Yesterday, I was writing a test case for a LeetCode problem, when I came across an interesting topic for today’s blog post. See if you can spot the issue in my code.
let myTestOutput = myFunction() // returns [3, 4];
console.log(myTestOutput === [3, 4]) // false[3, 4] does not equal [3, 4]? 🤔
If you immediately spotted the issue, points for you! If you didn’t, that’s OK, it took me a minute or two to realize my mistake. Let’s start with the solution:
let myTestOutput = myFunction() // [3, 4];
console.log(myTestOutput.toString() === [3, 4].toString()) // trueSo, how come that worked? Why did returning a string literal of myTestOutput and [3, 4] work, but not for the array comparison?

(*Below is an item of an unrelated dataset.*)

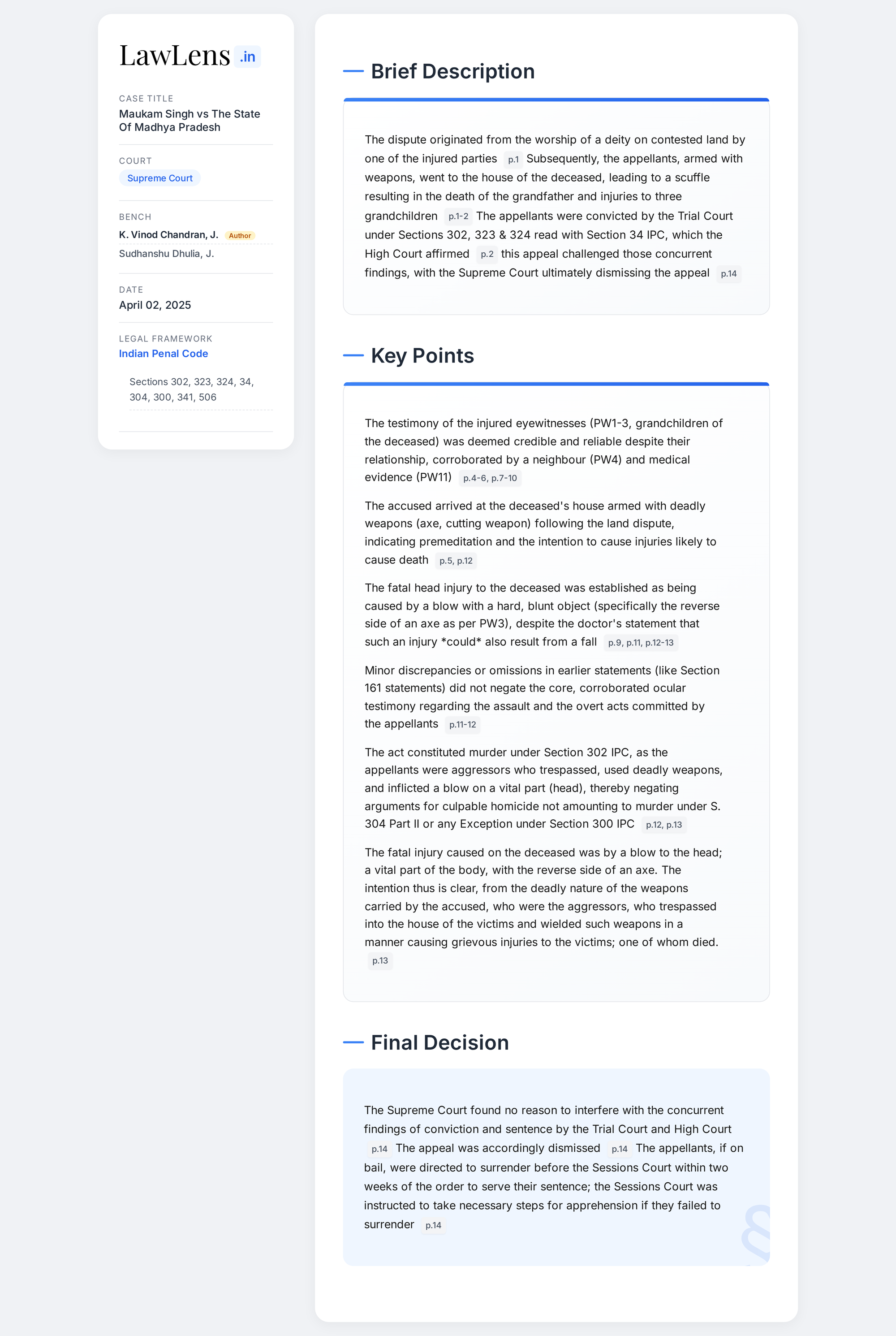 Maukam Singh vs State Of Madhya Pradesh 2025 INSC 435 - S. 302 IPC- Murder - Deadly Nature Of Weapons

The answer boils down to the difference between Value and Reference.
In JavaScript, when you make a comparison between two values, you must consider the data types of the variables you are comparing. This holds true for assigning and modifying variables as well. If you don’t, expect bugs. 🐛
Let’s look at some examples.
Example 1
For numbers, you will compare the value of their assignments directly. When I modify one, it does not affect the other.
let a = 10
let b = 20
let c = b // 20
console.log(c === b) // true
c = c + 1 // 21
console.log(b) // 20Table of Example 1
| var | value |
|---|---|
| a | 10 |
| b | 20 |
| c | 21 |
Example 2
For arrays on the other hand, you are comparing their addresses in memory.
let a = ["strawberry", "melon", "kiwi"]
let b = a // ['strawberry', 'melon', 'kiwi']
let c = ["strawberry", "melon", "kiwi"]
console.log(a === b) // true
console.log(b === c) // falseTables of Example 2
| var | value |
|---|---|
| a | address1 |
| b | address1 |
| c | address2 |
| address | value |
|---|---|
| address1 | [‘strawberry’, ‘melon’, ‘kiwi’] |
| address2 | [‘strawberry’, ‘melon’, ‘kiwi’] |
Example 3
Let’s look at what happens when you modify those values above:
let a = ["strawberry", "melon", "kiwi"]
let b = a // ['strawberry', 'melon', 'kiwi']
let c = ["strawberry", "melon", "kiwi"]
b.push("orange")
console.log(a) // ['strawberry', 'melon', 'kiwi', 'orange']Notice how pushing an item to b affected a? That’s because they share the same place in memory!
Table2 of Example 3
| var | value |
|---|---|
| a | address1 |
| b | address1 |
| c | address2 |
| address | value |
|---|---|
| address1 | [‘strawberry’, ‘melon’, ‘kiwi’, ‘orange’] |
| address2 | [‘strawberry’, ‘melon’, ‘kiwi’] |
Example 4
Objects behave in the same manner as arrays. If you are not careful, you could modify another variable unintentionally because they share the same place in memory. Here I’ll demonstrate how the spread operator can save us!
let a = {
name: "taylor",
profession: "programmer"
};
let b = {
name: "tony",
profession: "data scientist"
};
/*
let c = b;
c.name = "allen"; // don't do this, we'll lose our copy of tony
*/
let c = {
...b // spread operator
name: "allen"
} // do this instead to create a brand new copy of b,
// this avoids overwriting our record of tonyTables of Example 4
| var | value |
|---|---|
| a | address1 |
| b | address2 |
| c | address3 |
| address | value |
|---|---|
| address1 | {name: “taylor”, profession: “programmer”}; |
| address2 | {name: “tony”, profession: “data scientist”}; |
| address3 | {name: “allen”, profession: “data scientist”}; |
Data Types
Try playing around with the following data types: number, string, boolean, array, object.
You’ll find similar behavior between number, string, and boolean. Likewise, arrays and objects will behave similarly.
Practice
Practice, practice, practice! I encourage you to practice with the data types listed above. For starters, try creating a new array from one already created, while ensuring they don’t share the same place in memory. Hint: the spread operator works for arrays as well!